A 31-year-old female was diagnosed to have toxic goitre 2 years ago but did not proceed to get treatment. She currently presented with a 6-month history of progressive difficulty in breathing, generalised body swelling and jaundice. Her symptoms were associated with a dry cough but no chest pain. She did not report a history of heart disease or diabetes. On examination, she had exophthalmos, conjunctival pallor, jaundice, dyspnoea with oxygen saturation of 84%, tachypnoeic with a respiratory rate of 28 breaths/min, sacral and bilateral lower limb oedema. An audible bruit was heard over her thyroid gland. She had an irregular heart rate ranging between 90 and 120 beats/min, a raised jugular venous pressure (JVP) with a systolic murmur grade V over the mitral area.
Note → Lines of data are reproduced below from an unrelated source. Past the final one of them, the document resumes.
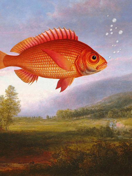 Een onwaarschijnlijke situatie, deze oranje vis boven een bosrijk landschap...
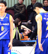 2014.02.20 19: 32차재영,'부상으로 들것에 실려 코트 빠져나가'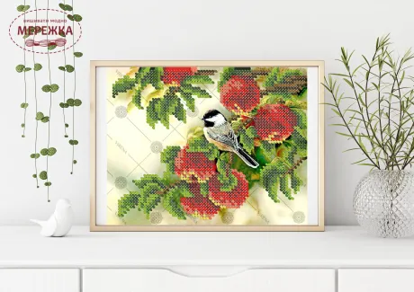 Схема із синичкою та яблуками для вишивки бісером на габардині, який проклеєний флізеліном.
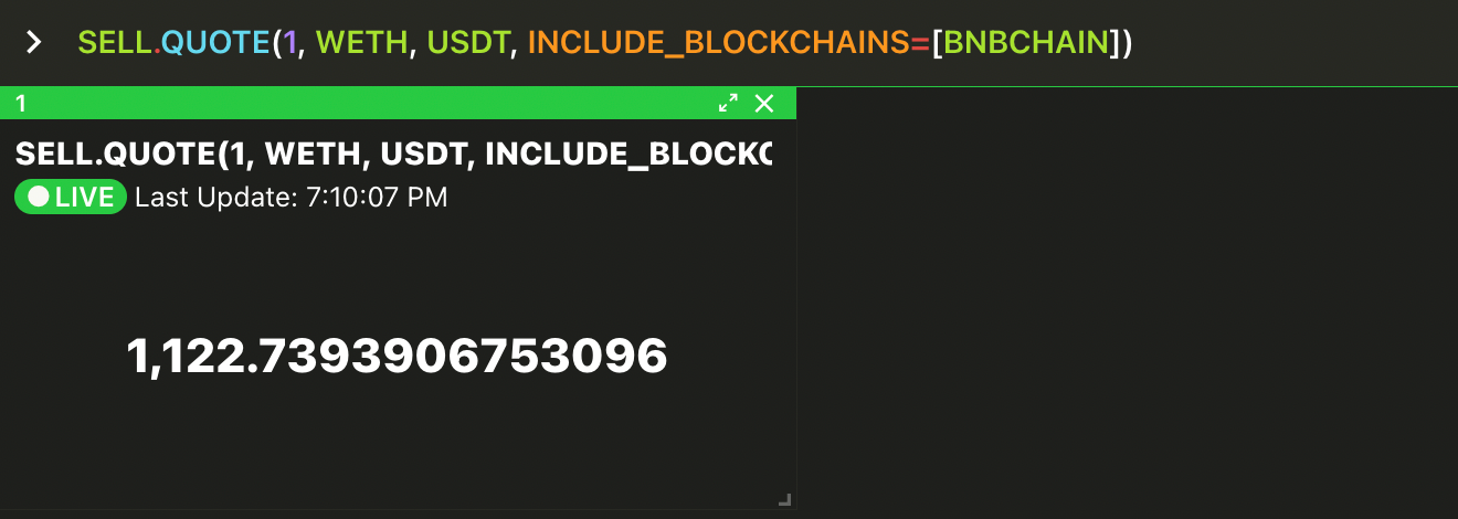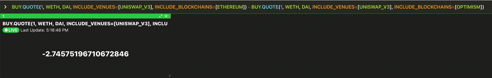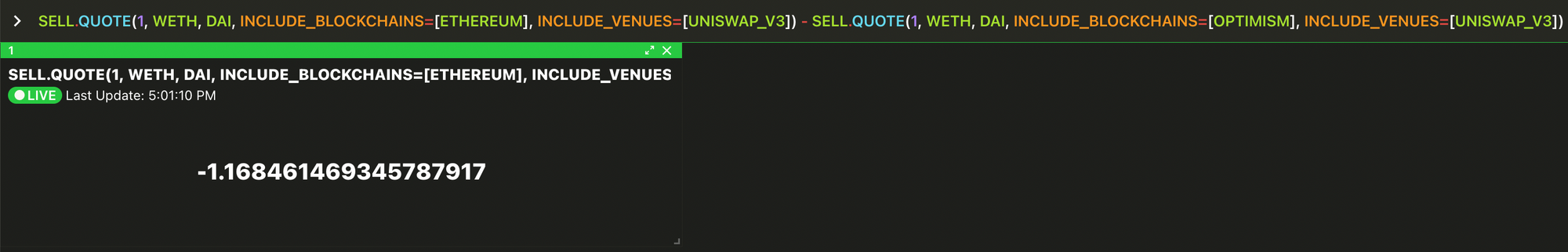 SELL.QUOTE(1, WETH, DAI, INCLUDE_BLOCKCHAINS=[ETHEREUM], INCLUDE_VENUES=[UNISWAP_V3]) - SELL.QUOTE(1, WETH, DAI, INCLUDE_BLOCKCHAINS=[OPTIMISM], INCLUDE_VENUES=[UNISWAP_V3])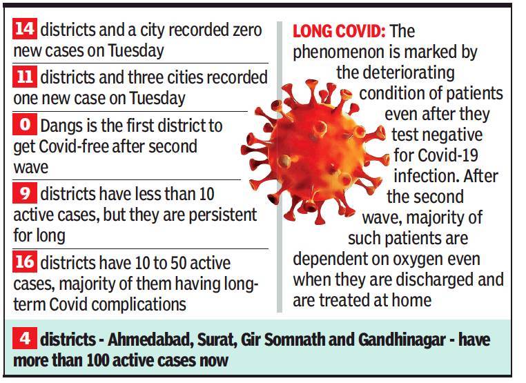 Dr Kartikeya Parmar, in-charge of the Covid Hospital at Civil Hospital, said that out of the 23 patients with the hospital, 95% are there for over 15-20 days. “Majority are middle-aged men with comorbidities whose lungs were severely impacted by the infection and need long-term respiratory support,” he said.

The investigations showed her to have a moderate anaemia of 9.2 g/dL. Her biochemical results showed an elevated alkaline phosphatase (ALP) and γ-glutamyl aminotransferase (GGT) of 300.7 U/L (normal 35-104 U/L) and 204 U/L (normal 0-50 U/L). The serum total protein and albumin were reduced to 51.4 mmol/L (normal 60.0-80.0 mmol/L) and 18.6 mmol/L (normal 35.0-55.0 mmol/L) respectively. Aspartate transaminase (AST) and alanine transaminase (ALT) were 43.2 U/L (normal < 35.0 U/L) and 39.4 U/L (normal < 45.0 U/L) respectively. Her international normalised ratio (INR) was 1.3. Her thyroid function tests revealed thyroid-stimulating hormone (TSH) 0.07 uIU/mL (normal 0.27- 4.20 uIU/mL), free T3 (FT3) 14.2 ng/mL (normal 0.69-2.15 ng/mL) and FT4 59.1 ng/mL (normal 52.0-127.0 ng/mL), as shown in Table 2. With the FT3 and FT4 levels and her vitals, she was diagnosed to have thyroid storm with a score of 60 on the Burch-Wartofsky Point Scale. Table 2 shows the reference ranges and follow-up of her thyroid and liver function over 6 months. The electrocardiogram (ECG) showed an irregular rhythm with absent p wave and t wave inversion on the lateral chest leads (Figure 1). A chest radiograph showed pulmonary oedema, blunted right costo-phrenic angle and cephalisation (Figure 2). The echocardiogram showed biventricular failure with severe mitral regurgitation (MR), mild tricuspid regurgitation and an ejection fraction (EF) of 46%. The neck ultrasound revealed a highly vascularised enlarged thyroid gland.

Table 2.

Follow-up laboratory results of thyroid and liver function for case 1.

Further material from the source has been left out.